Что зелье это женщинам ещё днём раздавали,

Но Ван Дань им сказал, что от певичек всё он знает.

– «Факт налицо! – воскликнул он, – хотите отпираться»?

И приказал связать монахов храма своей страже,

Связали всех, никто из них не стал сопротивляться,

Построили в колонну молодых и старых даже.

Фо-сянь хотел прибегнуть к силе, но тут испугался,

Ведь стражей было много, все оружие имели,

Ван Дань певичек отпустил, сам в город возвращался,

За ним шли арестованные, все на них глядели.

Ван приступил к допросу, вернувшись в управление,

Велел орудия для пытки принести в суд срочно.

Привыкшие к жизни, изнеженной, как и порочной,

Монахи все сознались, чтобы избежать мучений.

Когда были записаны монахов показанья,

Ван Дань, отправив их в тюрьму, стал составлять бумагу

Начальству, чтоб определили всем им наказанье,

Тогда Фо-сян, сидя в тюрьме, решился на отвагу,

И начал обсуждать с монахами план всех спасенья,

Сказал тюремщику Лян Чжи: «С собой не захватили

Мы ничего из денег, так как нас, как есть, схватили,

И здесь у нас нет ни одежды, ни средств прокормленья.

А между тем, в монастыре осталось денег много,

Вот если б вы троих иль четверых нас отпустили,

Сходить бы в монастырь, и не держали б нас всех строго,

Мы вам тогда бы серебром сто лянов заплатили».

У Лян Чжи разгорелись тут глаза от предложенья,

Сказал он: «Нас здесь много, сто лянов ничтожно мало,

За триста лянов я вошёл бы ваше положенье,

Сто лянов – мне, другим – двести, согласье бы настало».

– «Согласен, – тот сказал, – договоритесь же с другими».

Лян Чжи тюремщикам всем рассказал, те согласились,

Когда с тремя пришёл он в монастырь, те поделилась

Деньгами, все довольны были сделками такими.

– «Теперь нам нужно принести в тюрьму наши постели, -

Сказал Фу-сянь тюремщикам, – заплатим мы монетой.

Здесь неудобно спать, мы засыпаем еле-еле,

Не высыпаемся». Те согласились и на это.

Те же четверо вновь в монастырь пошли и неприметно

Ножи, мечи и топоры в постели положили,

Носильщиков наняли, угощенья прихватили,

Оружие в тюрьму попало с ними незаметно.

Вина купили, мяса, пиршество чтобы устроить,

Чтоб опоить тюремщиков, на пир их всех позвали,

Когда те опьянели, то оружие достали,

И стали лестницу, чтобы залезть на стены строить.

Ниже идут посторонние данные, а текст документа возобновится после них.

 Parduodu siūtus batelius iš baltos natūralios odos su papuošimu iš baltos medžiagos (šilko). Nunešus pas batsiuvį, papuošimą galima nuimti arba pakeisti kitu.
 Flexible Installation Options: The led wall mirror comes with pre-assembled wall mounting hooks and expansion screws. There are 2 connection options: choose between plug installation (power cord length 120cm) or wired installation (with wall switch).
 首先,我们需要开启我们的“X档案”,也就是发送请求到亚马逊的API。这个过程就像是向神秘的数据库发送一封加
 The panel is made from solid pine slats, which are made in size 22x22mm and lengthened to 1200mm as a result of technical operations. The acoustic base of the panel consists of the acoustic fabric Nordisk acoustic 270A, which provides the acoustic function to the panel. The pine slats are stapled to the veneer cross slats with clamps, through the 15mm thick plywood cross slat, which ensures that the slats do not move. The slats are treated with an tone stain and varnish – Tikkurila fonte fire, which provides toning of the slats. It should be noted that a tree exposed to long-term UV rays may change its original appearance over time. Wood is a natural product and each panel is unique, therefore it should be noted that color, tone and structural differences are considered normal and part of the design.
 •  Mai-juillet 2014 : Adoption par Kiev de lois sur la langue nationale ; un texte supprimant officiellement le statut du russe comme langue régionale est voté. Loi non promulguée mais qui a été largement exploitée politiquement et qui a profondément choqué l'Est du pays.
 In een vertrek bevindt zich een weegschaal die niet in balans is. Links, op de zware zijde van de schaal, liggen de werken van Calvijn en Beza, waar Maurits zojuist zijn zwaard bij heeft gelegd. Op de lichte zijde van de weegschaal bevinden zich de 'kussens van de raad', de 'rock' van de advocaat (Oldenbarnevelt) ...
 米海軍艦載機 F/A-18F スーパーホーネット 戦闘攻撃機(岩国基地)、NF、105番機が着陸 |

А в это время и реляцию Ван Дань составил

Властям, распутав весть клубок грехов монахов, грязный,

Но тут его вдруг посетил предчувствий ряд, ужасный,

Он возле управленья охранение поставил,

Подумав: «А злодеи собрались в одном все месте,

Случись что, с ними же не сладишь, нужно опасаться».

И дал приказ собрать всех стражников с мечами вместе,

Чтоб рядом начеку они могли ночь оставаться.

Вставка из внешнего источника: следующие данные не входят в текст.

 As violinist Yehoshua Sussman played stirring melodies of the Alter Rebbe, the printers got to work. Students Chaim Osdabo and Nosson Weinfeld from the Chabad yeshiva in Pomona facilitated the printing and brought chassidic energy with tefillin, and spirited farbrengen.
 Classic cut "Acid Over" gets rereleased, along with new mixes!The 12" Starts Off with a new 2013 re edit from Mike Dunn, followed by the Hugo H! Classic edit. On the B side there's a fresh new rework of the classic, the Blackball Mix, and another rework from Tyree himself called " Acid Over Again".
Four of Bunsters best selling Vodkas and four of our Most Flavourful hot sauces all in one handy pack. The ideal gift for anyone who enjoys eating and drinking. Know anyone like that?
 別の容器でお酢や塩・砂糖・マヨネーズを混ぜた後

При первой страже по условному сигналу встали,

Вооружённые все топорами и мечами,

Воинственными криками тюрьму всю оглашали,

Разделались с тюремщиками, заколов ножами,

И выпустили заключённых, распахнув ворота.

И с гиканьем: «Месть! Отомстим»! – на город устремились,

Но тут же им навстречу выступила стражей рота,

А жители, спасая жизнь, в своих домах укрылись.

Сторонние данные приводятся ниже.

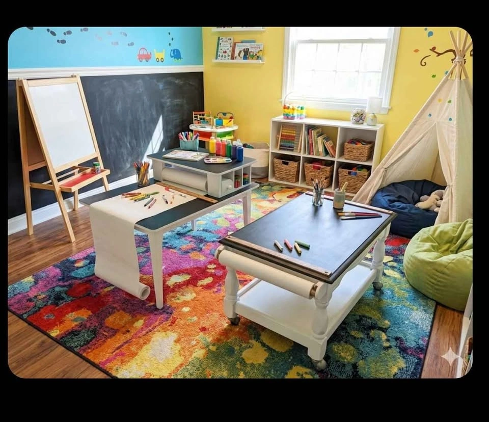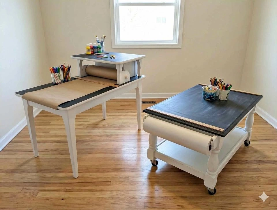 Elevate your playroom with these stunning, custom-built art tables! These aren't your average plastic tables; they are solid, furniture-grade pieces redesigned specifically for creativity.
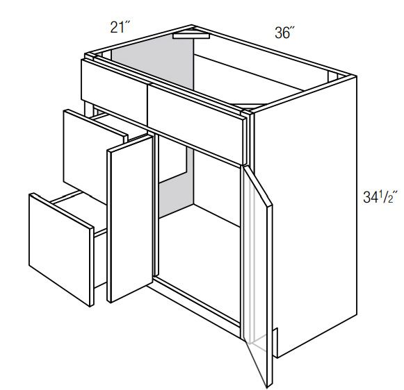 V3621D-L: Left Drawer Bathroom Vanity Cabinet: Dover RTA Kitchen Cabinet
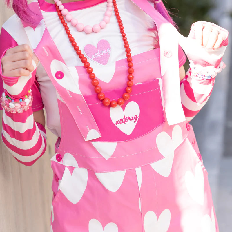 Channel your past Y2K or 2000s era style by donning this pair of super cute overalls filled with lots of hearts! This Harajuku-inspired brand got its inspiration from the colorful street of Takeshita. The colorful overalls are made of super-soft polyester, have adjustable shoulder straps with buttons, two back pockets, and one hidden side pocket.
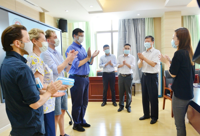 外教们为太湖学院的国际化教育和学生们的英语培养做了很大的贡献,在疫情期间更是能够严格按照疫情防范的各项要求,积极回报社会,如参加献血活动,得到广泛关注和赞誉。会上,外教们畅述了防疫经历、线上教学的感受和想法,纷纷表示感觉到了在太湖学院这个大家庭的温暖,也表达了希望可以在学校一直工作下去的意愿。最后,李校长高度赞赏了外教认真教学的工作态度和工作成效,并代表学校向四位外籍教师赠送了防疫口罩。

Бунт был подавлен, были обезглавлены монахи,

Их головы, как тыквы, по земле катались,

А храм сожжён был их, как только улеглись все страхи,

Бунтовщиков тела тайно сожжению придались.

В отосланном Ван Дань властям докладе говорилось:

 

«Юнчунский Лотосовый храм сожжён за преступленья

Монахов и постыдство то, что вместо наставленья,

Наставником Фо-сянем и монахами творилось:

Желающих иметь детей всех женщин принимали

Они в их храме, погрузившись в похоть и злодейство,

А ночью проникали к ним, и их к греху склоняли

И совершали с ними непотребные все действа:

Держа в грубых объятьях хрупких дев, им говорили,

Что бодхисатвами являются (так представлялись)

С небес спустились к ним, и беззакония творили,

А женщины им верили, прогнать их не решались.

За беззакония монахи смертью поплатились,

Была за мерзости и злодеянья им расплата,

За то, что в одеяние священников рядились,

Их Лотосовый храм сожжён был, как исчадье ада».

Пояснения

1. Деревянный сосуд с дощечками применялся в гадательной практике. В этот цилиндрический сосуд помещали тонкие дощечки, на которые наносились иероглифы и цифры. Сосуд полагалось трясти, пока из него не выпадет дощечка. Номер и знак на ней соответствовал определённому заклинанию в гадательной книге. Подобный способ гадания и сейчас распространён среди некоторых групп населения Дальнего Востока и Юго-Восточной Азиии.

2. Горные Врата (или Врата Пустоты) – образное название буддийского Храма.